Look how happy Momma is!


----------



## SunCzarina (Nov 24, 2000)

Congrats! She looks very proud and pleased. Maybe not 10 but they're biggies!


----------



## StryderPup (May 16, 2009)

Congratulations!!!!


----------



## DancingCavy (Feb 19, 2001)

Congratulations!


----------



## Raziel (Sep 29, 2009)

CONGRATS!!
They are adorable pups & gorgeous mom!


----------



## Crookedcreekranch (May 27, 2008)

SunCzarina said:


> Congrats! She looks very proud and pleased. Maybe not 10 but they're biggies!



Yes they were all very large puppies:shocked: No wonder she was so huge.

As far as color of pups go they look all black/tan..perhaps a couple are bi-colors but time will tell.

It was weird....she started giving birth at 11:30 pm (that's not weird they always whelp through out the night) but weird in that she had a puppy almost exactly 1 hour apart from each other and then by 8 a.m. that was it.
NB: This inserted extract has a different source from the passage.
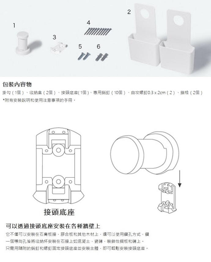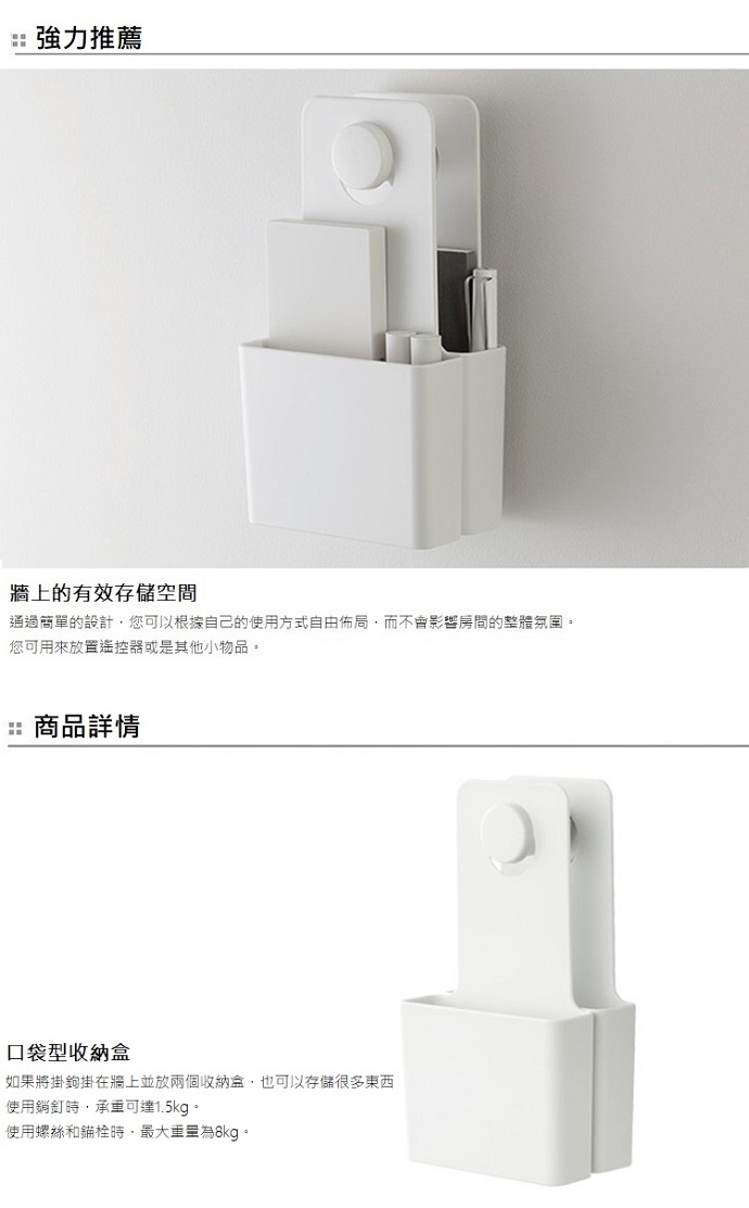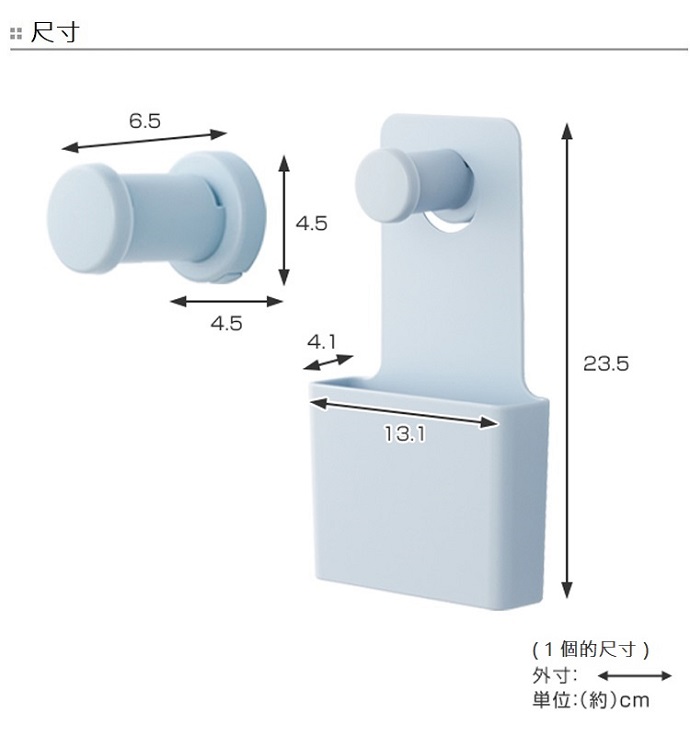 商品規格*此賣場是”二入組”的商品尺寸:掛勾:約寬4.5 x深6.5x高4.5(cm)/收納盒:約寬13.1 x深4.1x高23.5(cm)/個重量:全部約314g材質:掛勾、收納盒/接頭底座:泡沫聚苯乙烯樹脂、螺釘/銷釘:鋼(單色鍍)、錨栓:尼龍內容物:掛勾,收納盒(2個)、接頭底座,專用銷釘(10個),自攻螺釘0.3×2cm(2個),錨栓(2個)*附有安裝方法和使用注意事項的手冊。耐荷重:使用銷釘時:最大可耐重1.5kg/使用螺絲釘和錨栓時:最大可耐重8kg製造地:日本

Of course no sleep coming only an hour apart. But never had one be so regular with birthing.

The little puppies are so sweet:wub: even wagging their little tails already:crazy: I'm melting at their cuddly sweetness:hugs:


----------



## sagelfn (Aug 13, 2009)

:wub:awww!! congrats momma!

can't wait to see pictures of them before they leave oke:


----------



## selzer (May 7, 2005)

I thought I counted eight in there. She looks great and the pups. Congratulations.


----------



## Zoeys mom (Jan 23, 2010)

They are precious congrats and let the work begin,lol


----------



## GSDSunshine (Sep 7, 2009)

Oh man how did I miss this???? I wub me some puppies! Xena looks like she has been quite the good mother. I might need some one week old pup pictures though just to be certain.


----------



## mjbgsd (Jun 29, 2004)

What adorable little piggies!!! :wub: :wub:
I would love to have a bi-color someday.


----------



## Crookedcreekranch (May 27, 2008)

Photos taken and will be posted tomorrow after some editing. Definitely looking like some bi colors. Some eyes are opening and peeking out!


----------



## Doubleminttwin (Aug 21, 2009)

Congrats, they are adorable :wub:


----------



## aball (Jul 17, 2002)

she looks beautiful! and happy.


----------